EXAMINER: You observe that Trump backers don’t take a lot of what he has to say at face value, understanding that he uses hyperbole. What do they think he would actually do as president?

ZAITCHIK: It won’t shock anyone to hear that a lot of people support Trump for reasons that have nothing to do with fine points of policy. They’re really responding to the fundamental energy and message of his candidacy — his anger, his perceived Robin Hood outsider-dom, his humor, his not-giving-a-s**t.

Even the wall, his central campaign promise, is seen by a lot of people as a dramatic stand-in for getting serious about border security. The closer you get to the border, the more Trump supporters laugh out loud at the wall, or wave it off.

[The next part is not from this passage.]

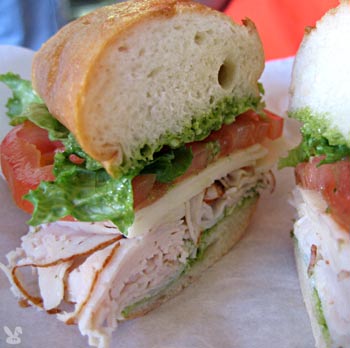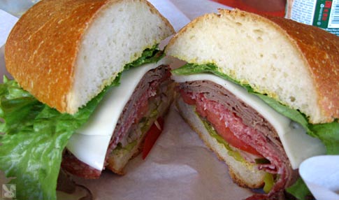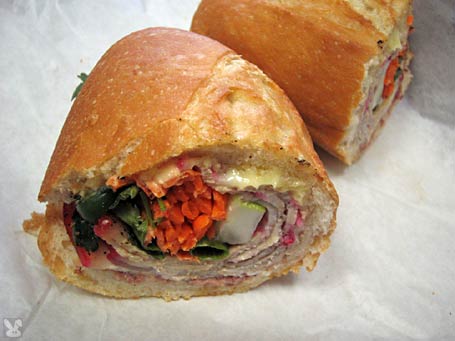 “the theme thing has officially crossed the line" (A meme) I am of course talking about eating out of toilets. I don't think that this theme restaurant is going to catch on like the ones that make you eat in the dark or raise your hand to go to the bathroom or get chained to the bar. I used to see flyers South of Market for Bondage-a-go-go advertising, "women chained to the bar before 7 drink free." I guess that makes up for earning a quarter less (for every dollar) an hour than men. Let's see, if you normally spend $20 a night on drinks, times 365 drinking days a year, working a 40 hour week, you are actually leaving the men in the dust by $6780 annually with this chained-to-the-bar-deal. Lucky. I was checking out Joy's site and saw that we were listed on her people/rabbits tagged on our first ever meme. Chubby is still hopping around saying, “Joy loves me, she really loves me.” Whatever. A meme is a unit of cultural transmission that replicates and mutates. In this particular meme, you take the fifth line of your 23rd blog posting and post it in your blog, tag 5 others to do the same and voila, you have made your me-me a you-you for those lucky five. I am tagging Dr. B at Meathenge cause he always has something meaty going on. In Praise of Sardines who also has praise for bunrabs, so we like him. David Leibowitz a former bay area pastry chef, now in Paris. Chez Pim who made fabulous chicken satay at the blogger bbq. The Amateur Gourmet who always has something fun to say. Lunch was dull looking, yet good sandwiches from Klein's deli. They name them after notable women (that I hope earned on par with their male counterparts.) The Ferraro ($6.50): ... is a sourdough roll filled with salami, roast beef, provolone and pepperocini. The McGinn ($6.25): ...is a sweet baguette

But again, the whole point of the book was to get away from generalizing too much about millions of people. Sometimes the best thing is to give up trying to figure people out as part of a group, or a political wave, and just have a beer with them as a fellow American. With the tape recorder rolling.

EXAMINER: You’re headed to South America tonight on a mission. Can you tell us about that?

ZAITCHIK: A number of indigenous tribes are gathering for a congress in Colombia’s southern Amazon region next week. The idea is to devise a strategy for resisting the land grab and penetration by industry that’s sure to follow the recent peace settlement.

One of my beats is the intersection of indigenous rights and rainforest preservation, one of the great underreported stories of our time. Mining and oil development is rampant throughout the western Amazon, and it threatens the entire rainforest if it continues. These tribes are down there fighting incredibly brave, dangerous, and lonely battles. Instead of spending money on “Avatar” sequels, we’d do well to support the real-world version taking place in our hemisphere.